Figure 3a confirmed that the Zn0.8Cd0.2S nanospheres consisted of small nanoparticles. Figure 3b shows that the lattice fringe spacings of 0.31 nm and 0.19 nm are attributed to the (002) and (110) crystal planes of hexagonal Zn0.8Cd0.2S, respectively. The TEM images of Ni(OH)2 (Figure 3d,e) further confirmed the nanosheet shape of Ni(OH)2, and the lattice fringes of 0.23 and 0.46 nm were attributed to the (011) and (001) crystal planes of β-phase Ni(OH)2, respectively [37]. Figure 3c,f show that the diffraction rings of the Zn0.8Cd0.2S and Ni(OH)2 samples correspond to the (100) and (110) crystal planes of Zn0.8Cd0.2S and the (011) and (004) crystal planes of Ni(OH)2, respectively. The above results indicated that Zn0.8Cd0.2S and Ni(OH)2 were successfully prepared.
The TEM, SAED, and EDS element distribution maps of 9Ni(OH)2/ZCS are shown in Figure 4. After the 9Ni(OH)2/ZCS composite was synthesized, the morphology of the nanospheres was still maintained, and several 9Ni(OH)2 nanosheets were observed on the surface of the nanospheres (Figure 4a). As shown in the HRTEM images of 9Ni(OH)2/ZCS (Figure 4b), the lattice spacings of 0.32 and 0.23 nm correspond to the (100) crystal plane of Zn0.8Cd0.2S and the (011) crystal plane of Ni(OH)2, respectively, indicating that close contact interfaces formed between Ni(OH)2 and Zn0.8Cd0.2S. In addition, two diffraction rings in the SAED patterns (Figure 4c) of 9Ni(OH)2/ZCS correspond to the (100) plane of Zn0.8Cd0.2S and the (012) plane of Ni(OH)2. The EDS results (Figure 4d) corresponding to the HAADF-STEM image show that Zn, Cd, S, Ni, and O were evenly distributed in the 9Ni(OH)2/ZCS sample. The above results show that the 9Ni(OH)2/ZCS composite was successfully constructed.

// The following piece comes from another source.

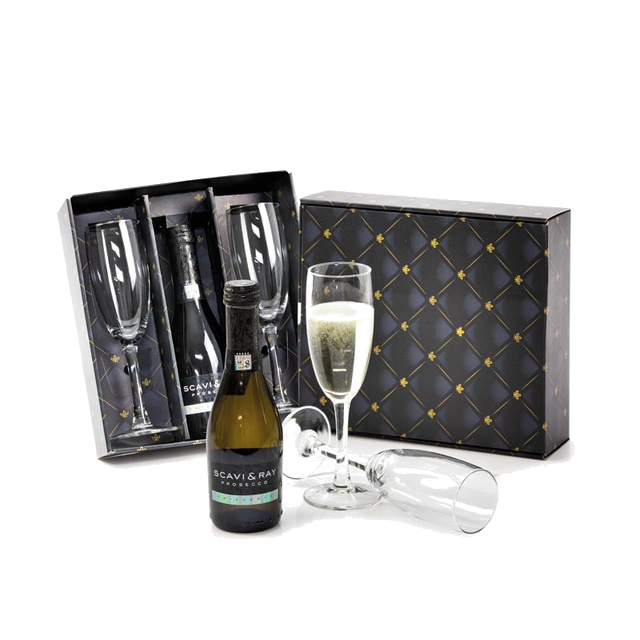 Waarom dit pakket kiezen? De Prosecco is gemaakt van hoogwaardige Proseccodruiven en biedt een mooie balans tussen fruitige tonen en een verfijnde structuur. De compacte 20 cl fles is ideaal om te delen of om te serveren als welkomsdrankje tijdens bijeenkomsten. De twee sierlijke flûtes versterken de beleving en maken de set meteen geschikt om cadeau te geven zonder extra aankopen.

To reveal the valence state of the elements in the Ni(OH)2/ZCS composites, the surface chemical states of the Zn0.8Cd0.2S, Ni(OH)2, and 9Ni(OH)2/ZCS composites were analyzed via XPS (Figure 5). As shown in Figure 5a, the XPS survey spectra of 9Ni(OH)2/ZCS reveal that Zn, Cd, S, Ni, and O are present in 9Ni(OH)2/ZCS. As shown in Figure 5b–d, the peaks of Zn 2p (1045.31 and 1022.31 eV), Cd 3d (411.89 and 405.17 eV), and S 2p (163.10 and 161.85 eV) of Zn0.8Cd0.2S were attributed to Zn2+, Cd2+, and S2− [38], respectively. Compared with those of Zn0.8Cd0.2S, the XPS peaks of Zn 2p, Cd 3d, and S 2p in 9Ni(OH)2/ZCS shifted to higher binding energies. Zn 2p1/2 and Zn 2p3/2 shifted to 1045.37 and 1022.41 eV, Cd 3d3/2 and Cd 3d5/2 shifted to 412.11 and 405.38 eV, and S 2p1/2 and S 2p3/2 shifted to 163.43 and 162.08 eV, respectively.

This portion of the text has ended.